By comparison, from the broadly-defined left only a relative handful of hardcore feminists and Native activists have criticized the pontiff, the Natives for his canonization of a new saint they accuse of cultural genocide, the feminists for all the predictable but still-valid reasons. For the most part, liberals and progressives have been the current Pope's loudest cheerleaders. They're happy to see a Pope who's on the side of science on climate change, who's more concerned about the plight of the poor than the dangers of socialism/marxism/communism/big government, who seems at least more forgiving, if not necessarily more indulgent on gender and reproductive issues. If he makes Republicans angry -- at least one Representative boycotted today's address over climate politics -- he must be doing something right. But Bergoglio himself today warned against "the simplistic reductionism which sees only good or evil; or, if you will, the righteous and sinners." While that's sound advice, it should also remind his liberal American fans that Francis isn't necessarily on their side, even if he's more obviously not on the other side. His protest that the traditional family "is threatened, perhaps as never before" by "fundamental relationships ... being called into question, [including] the very basis of marriage and the family," should remind us that the Pope isn't as progressive on all fronts as some would hope. Again, however, that doesn't put him on the Republican side of family politics. "At the risk of oversimplifying," he said, "we might say that we live in a culture which pressures young people not to start a family, because they lack possibilities for the future. Yet this same culture presents others with so many options that they too are dissuaded from starting a family." In other words, the problem isn't just gays and feminists but also poverty and individualist consumerism. One can still ask what's worth saving about the traditional family (for Francis it seems to be all about the children) but few on the left are as daring on that issue as their predecessors were a century or more ago.

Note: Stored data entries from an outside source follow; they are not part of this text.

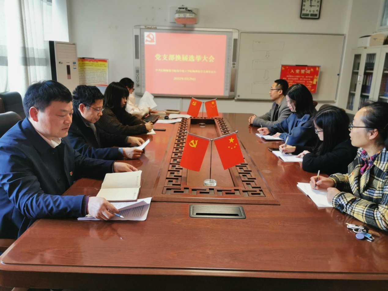 换届工作结束后,院党委书记郭鹏做了发言。他首先肯定了上一届支部的工作。同时,郭鹏结合学校2022“基层党建质量提升年”活动安排,明确希望物理化学党支部以及其他支部全体党员要继续努力,要积极参与“基层党建质量提升年”活动,力争使基层支部党建工作取得明显成效。一是政治建设质量得到新提升。要认真贯彻落实新时代加强党的政治建设的新要求,教育引导支部党员进一步增强“四个意识”、坚定“四个自信”、做到“两个维护”。二是思想建设质量得到新提升。要把“不忘初心、牢记使命”作为加强支部党的建设的永恒课题和全体党员的终身课题常抓不懈。三是组织建设质量得到新提升。要压实基层支部党建主体责任,强化支部党建主业意识,抓实支部书记党建述职评议考核,推动基层党建全面进步全面过硬,防止基层支部组织弱化虚化边缘化。四是队伍建设质量得到新提升。加强基层党支部带头人队伍建设,参加培养培训,选优配强支部带头人。五是党建保障质量得到新提升。加大保障力度,健全激励机制,提升支部带头人干事创业的积极性和主动性。通过基层党建工作“五个方面提升”,不断提高基层党建工作质量,以党建高质量引领事业发展。
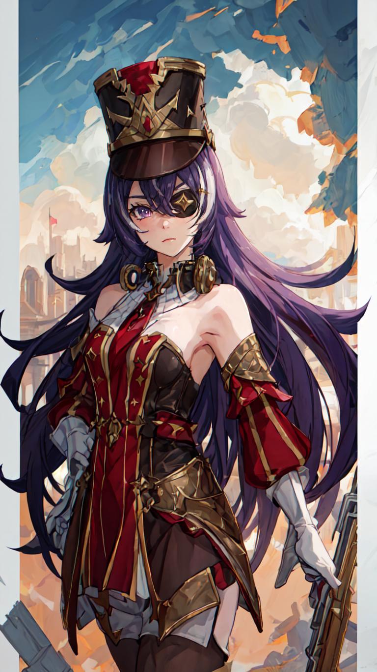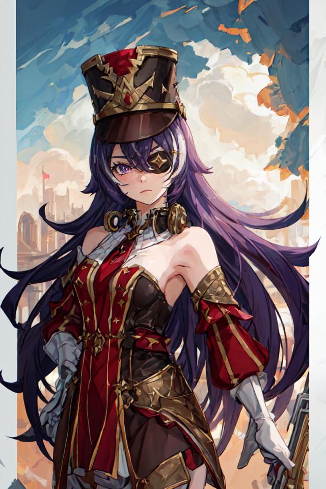 | Prompt | <lora:Chevreuse:0.9>chevreuse, bare_shoulders, gloves, pantyhose, long purple_hair, white_thighhighs, thigh_boots, shako_cap,solo, eyepatch,
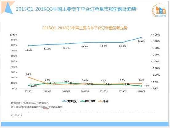 11月17日,中國IT研究中心(CNIT-Research)發布《2016年中國專車市場研究報告》,報告顯示,今年三季度,我國專車市場整體規模繼續增長。其中,滴滴出行專車活躍用戶覆蓋率占比達96.7%,訂單量市場份額報94.6%,兩指標均以絕對優勢穩居首位,易到用車、神州專車則分別排二、三名。具體來看,易到用車Q3活躍用戶覆蓋率達14.3%,市場份額報3.6%,雙雙小幅增長,而神州專車Q3活躍用戶...
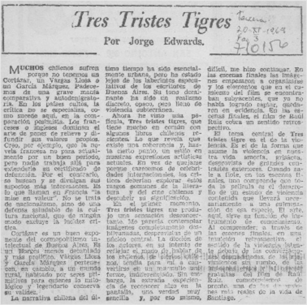 Tristeza y violencia de los tigres [artículo] Carlos Ossa.
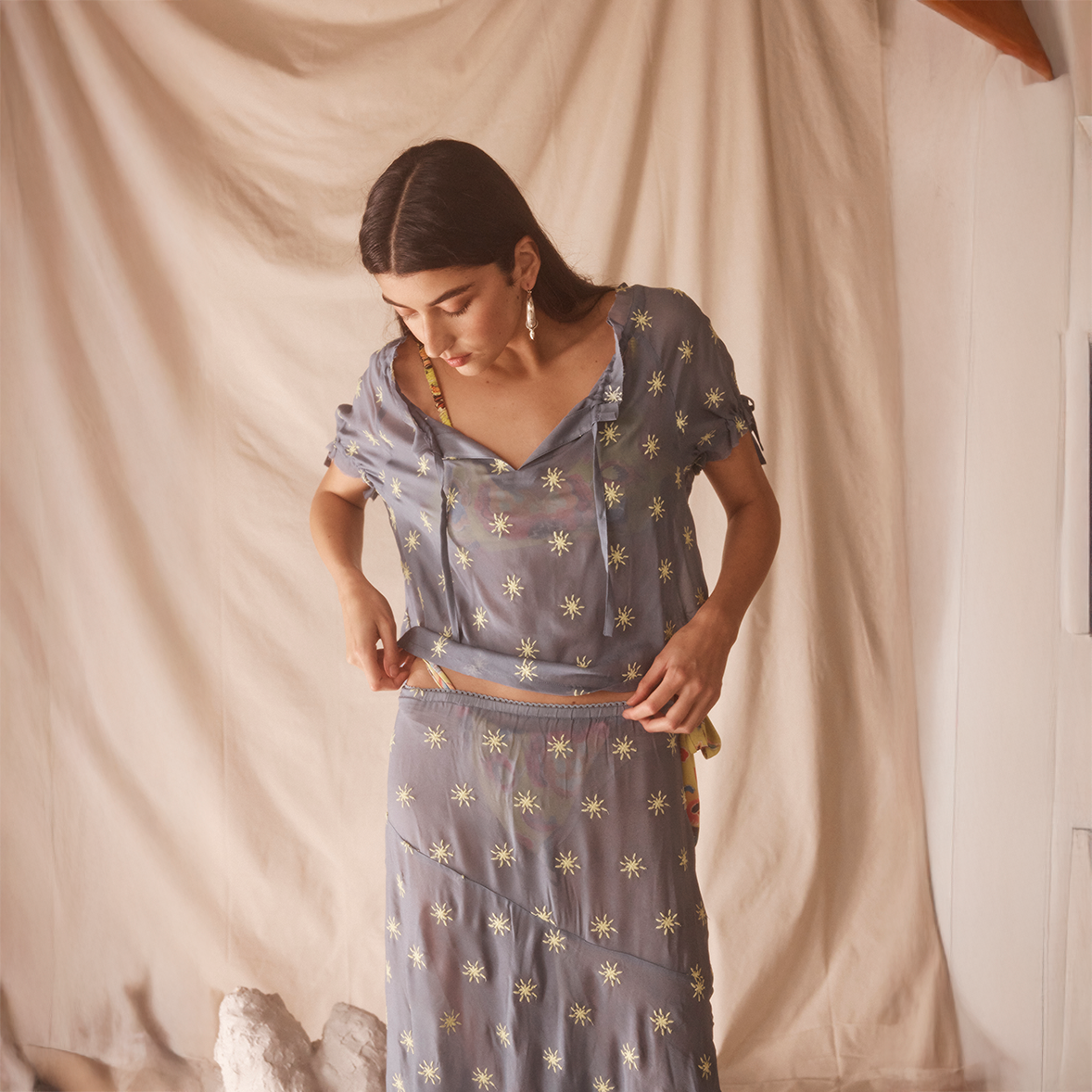 The Solstice Luce Skirt by Kinga Csilla is a fluid, feminine piece designed to capture light and movement. Cut from a sheer, airy fabric adorned with delicate sunburst embroidery, it brings an ethereal charm to summer dressing. The flowing silhouette and asymmetrical hemline flicker as you walk, made for warm nights and wanderings.
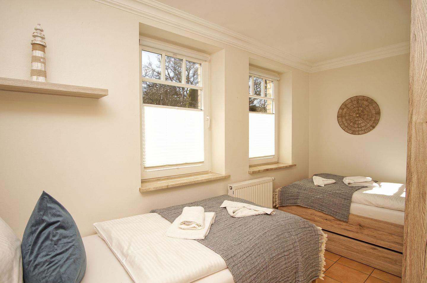SCHLAFEN // ein Schlafzimmer mit bequemem Doppelbettbett, zweites mit zwei Einzelbetten ++
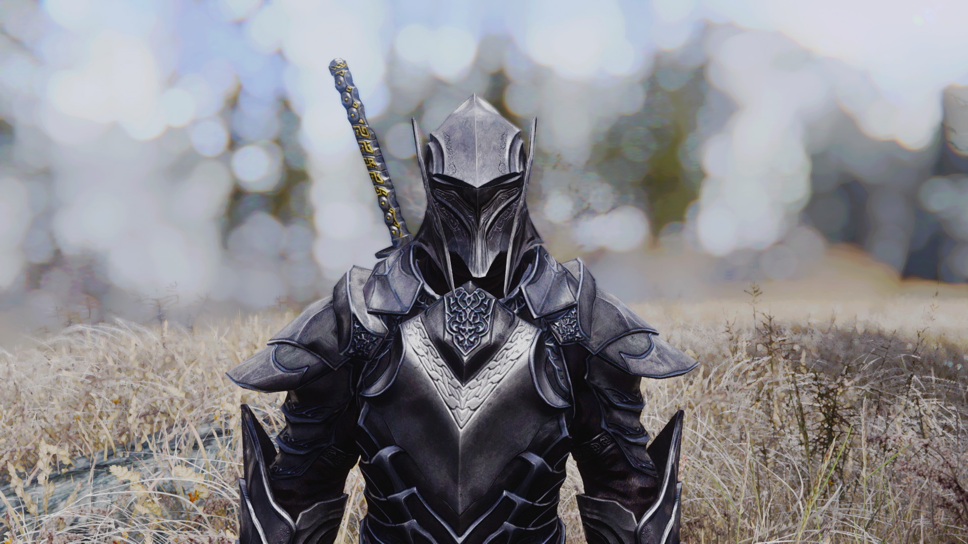 Description: A man in a black armor with a sword in his hand in a field of tall grass with trees in the background.
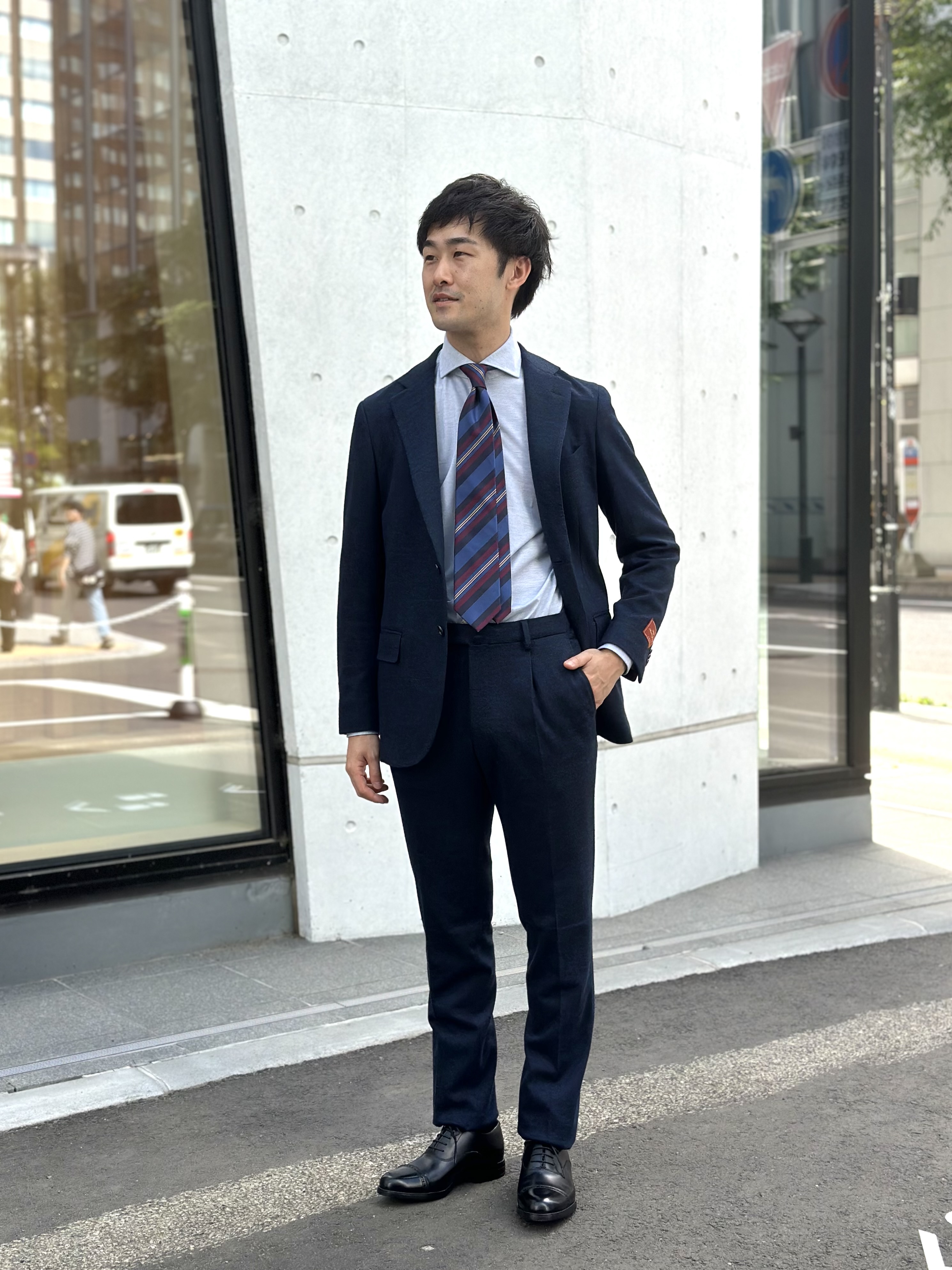 立体的な仕立てと相まってデキるビジネスマンを演出します。
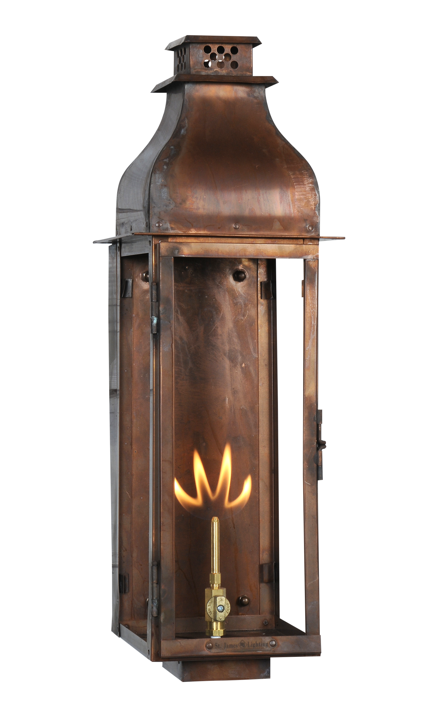 Hand-crafted copper gas lantern in the Sarasota style by St. James Lighting.
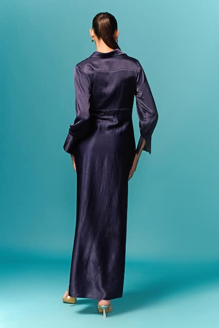 Navy blue solid draped dress featuring asymmetric panels and a shirt collar
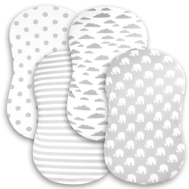 Bassinet Bed Sheets – Premium Bassinet Fitted Sheets 4 Pack – 100% Jersey Knit Cotton Cradle Sheets – Bassinet Bedding for Standard Size Oval or Halo Bassinet Pads – Bassinet Sheet for Boy & Girl
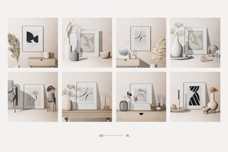 图穷联素材库 » 北欧极简风艺术画框相框装饰画设计贴图展示样机模板 Frame
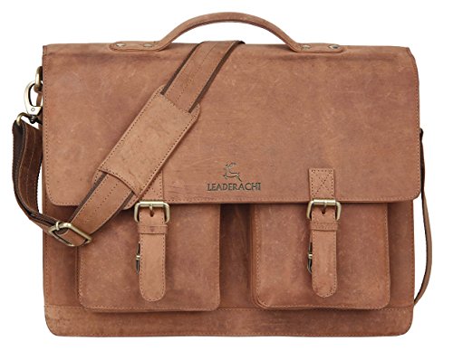 -. Feature : 100% GENUINE HUNTER VINTAGE LEATHER: Crafted from tough, 100% Semi Full-Grain Boot Leather, which takes hits well and looks even better with age. Full-Grain Leather is the top layer of the cow skin which is the most expensive and toughest part. The distinguishing feature of this leather is that the leather may have wrinkles, scratches that are inherent characteristics. / CRAFTMANSHIP, STICHES AND PARTS: Our Products are handmade by Professionally Skilled Craftsmen, because of which the bags have best finishing in its class. Brass/ Metal Fitting Buckles and Holders are Internally Lined with Strong Green Canvas make it Durable and Long Lasting. Every stress point on this bag is double-stitched and riveted or reinforced with hidden nylon strapping. / PERFECT FOR ANY SITUATION: Looks great in the courtroom, boardroom, on worldwide travel. We have received countless positive testimonials from company executives, lawyers, military personnel and college students who love their classic messenger briefcase bag. / FEATURES AND COMPARTMENTS: 13" Tall x 15.5" Wide x 5" Deep with 3 large main compartment sealed by a leather cover with magnet closure, 1 large zip pocket within the main compartment (ideal for laptops), 1 secondary compartment in front of the spacious main compartments, 1 zip pocket in front of the spacious main compartments, 2 smaller, separately attached compartments which are sealed by the leather cover with magnet closure, 1 zip pocket on the back.

An institution like the Catholic Church that can't reconcile itself to full gender equality or the equality of all sexual choices of consenting adults clearly draws lines against progress on some fronts while leaving the borders open, if you will, on others. Just as the Pope appears to agree with the left on some issues but not on others, the left should be able to applaud him when he deserves it and criticize him and his church when they deserve it. Right now, contra Stalin, the American left seems convinced that Francis can bring many divisions to their long twilight struggle with Republican conservatism. If he does help, fine, but the left can go too far in making him a moral leader of any aspect of their struggle. It should always be understood that while a Pope may agree with the left on important issues, it remains both possible and preferable that people arrive at those positions without assuming that they're true only because God wills it. The limits of any Pope's alliance with the historic global left illustrate, perhaps better than anything else, the limit of God's will in the real world.